[Your instructions] An exact, complete printout of the listing is wanted, minus its images.

[Provided data]
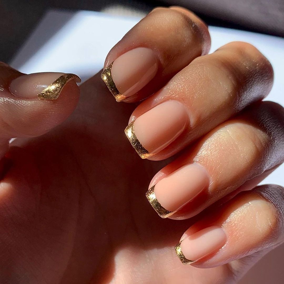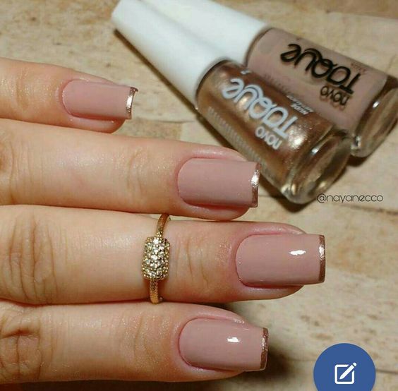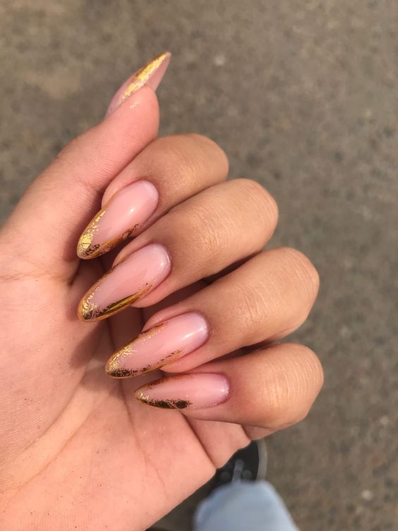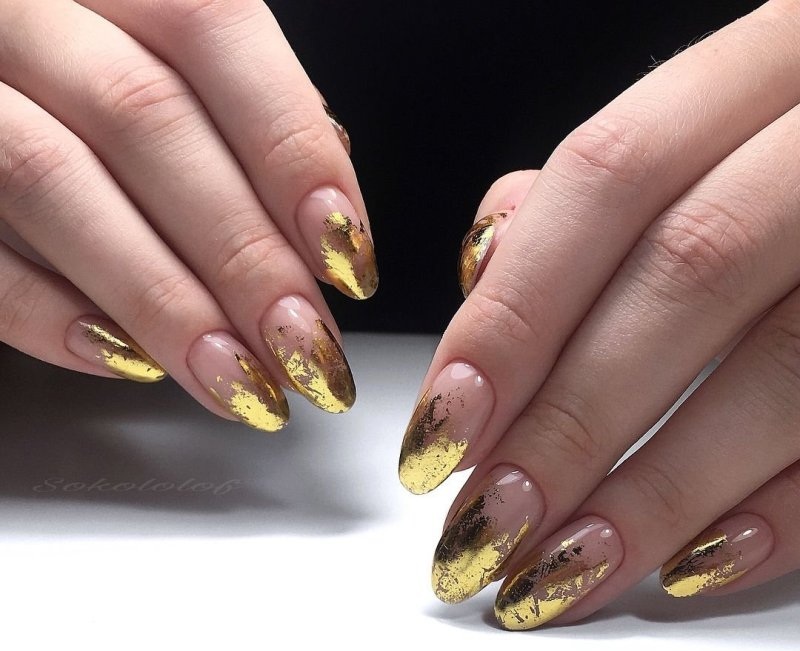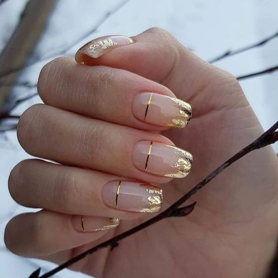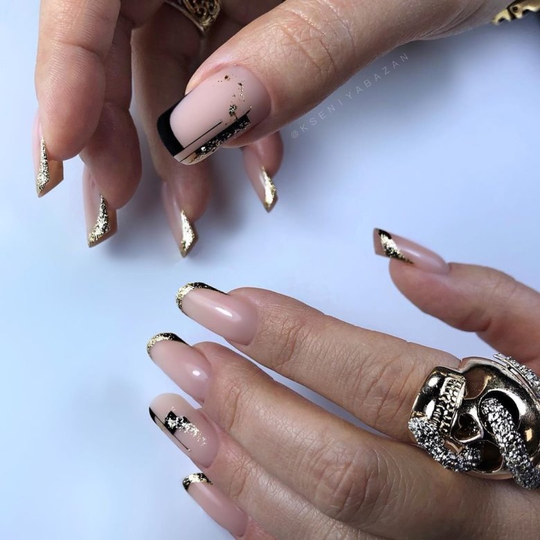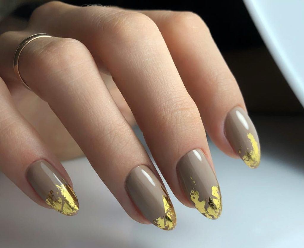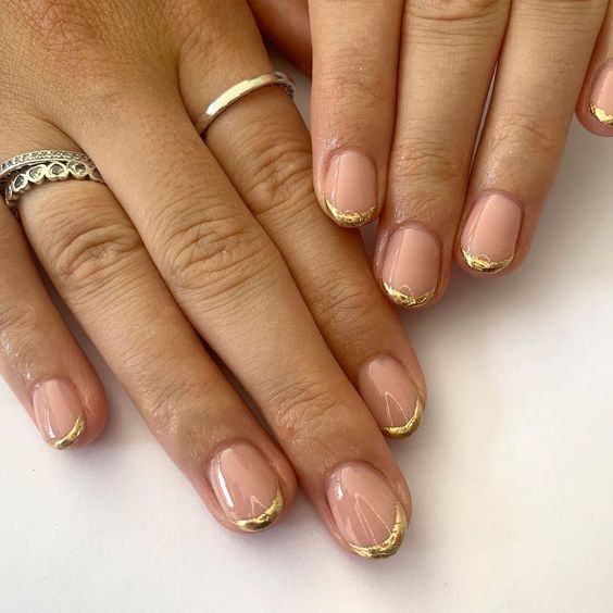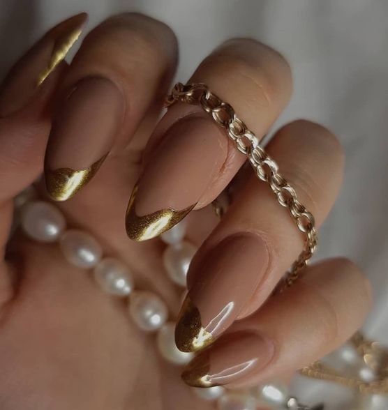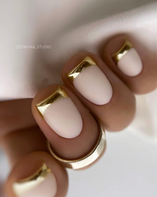 Используйте нюдовый оттенок лака для основы ногтей, а золотой цвет наложите на кончиках, что создаст эффект глубины и контраста.
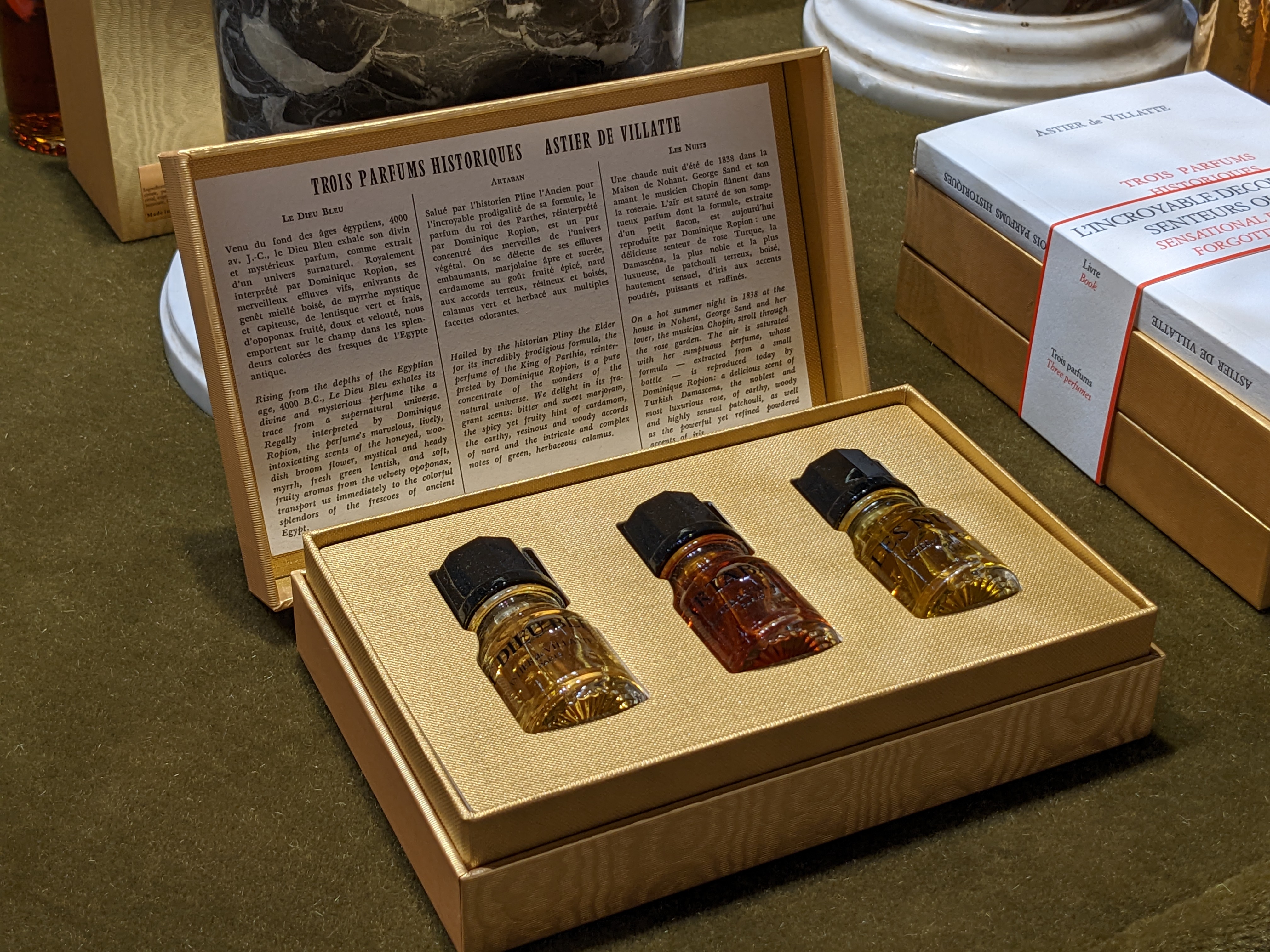 Parfumér Dominique Ropion zrekonstruoval parfém George Sandové pro společnost Astier de Villatte. Nyní se prodává pod názvem Les Nuits. Je to velmi hutná, bohatá, smyslná vůně, dokonale odpovídající stylu starofrancouzské aristokracie; to znamená, že v případě potřeby dokáže zamaskovat téměř jakoukoli cizí vůni. Ale ve 40. letech 19. století, kdy George Sandová používala tyto parfémy během svého poměru se Chopinem, sloužily jistě ke svádění, nikoli k maskování, protože v té době už přišly do módy pravidelné koupele a každodenní výměna spodního prádla a objevily se technologie chemického čištění. Myslím, že markýza de Villeparisis mohla milovat parfémy jako Les Nuits, které se hodí jak dobově, tak stylově.
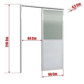 Porta de Correr Suspensa 210x90cm Meia Lambril Meia Vidro Esq L.25 Branco
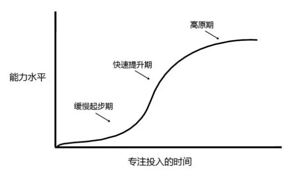 很多人曾写信告诉笔者,他们有很多爱好,什么都会尝试一下,但都不精通,到了最后不知道选择哪个作为他们的职业道路,甚至最后找工作也成了麻烦。其实道理很简单,每个人的精力是有限的,如果你不专注,就很可能永远在「缓慢起步期」徘徊,从 A 领域的缓慢起步期跳到 B 领域的缓慢起步期,再到 C、D……但就是到不了快速提升期,更到不了高原期。

[Result of the exercise]
 Используйте нюдовый оттенок лака для основы ногтей, а золотой цвет наложите на кончиках, что создаст эффект глубины и контраста.
 Parfumér Dominique Ropion zrekonstruoval parfém George Sandové pro společnost Astier de Villatte. Nyní se prodává pod názvem Les Nuits. Je to velmi hutná, bohatá, smyslná vůně, dokonale odpovídající stylu starofrancouzské aristokracie; to znamená, že v případě potřeby dokáže zamaskovat téměř jakoukoli cizí vůni. Ale ve 40. letech 19. století, kdy George Sandová používala tyto parfémy během svého poměru se Chopinem, sloužily jistě ke svádění, nikoli k maskování, protože v té době už přišly do módy pravidelné koupele a každodenní výměna spodního prádla a objevily se technologie chemického čištění. Myslím, že markýza de Villeparisis mohla milovat parfémy jako Les Nuits, které se hodí jak dobově, tak stylově.
 Porta de Correr Suspensa 210x90cm Meia Lambril Meia Vidro Esq L.25 Branco
 很多人曾写信告诉笔者,他们有很多爱好,什么都会尝试一下,但都不精通,到了最后不知道选择哪个作为他们的职业道路,甚至最后找工作也成了麻烦。其实道理很简单,每个人的精力是有限的,如果你不专注,就很可能永远在「缓慢起步期」徘徊,从 A 领域的缓慢起步期跳到 B 领域的缓慢起步期,再到 C、D……但就是到不了快速提升期,更到不了高原期。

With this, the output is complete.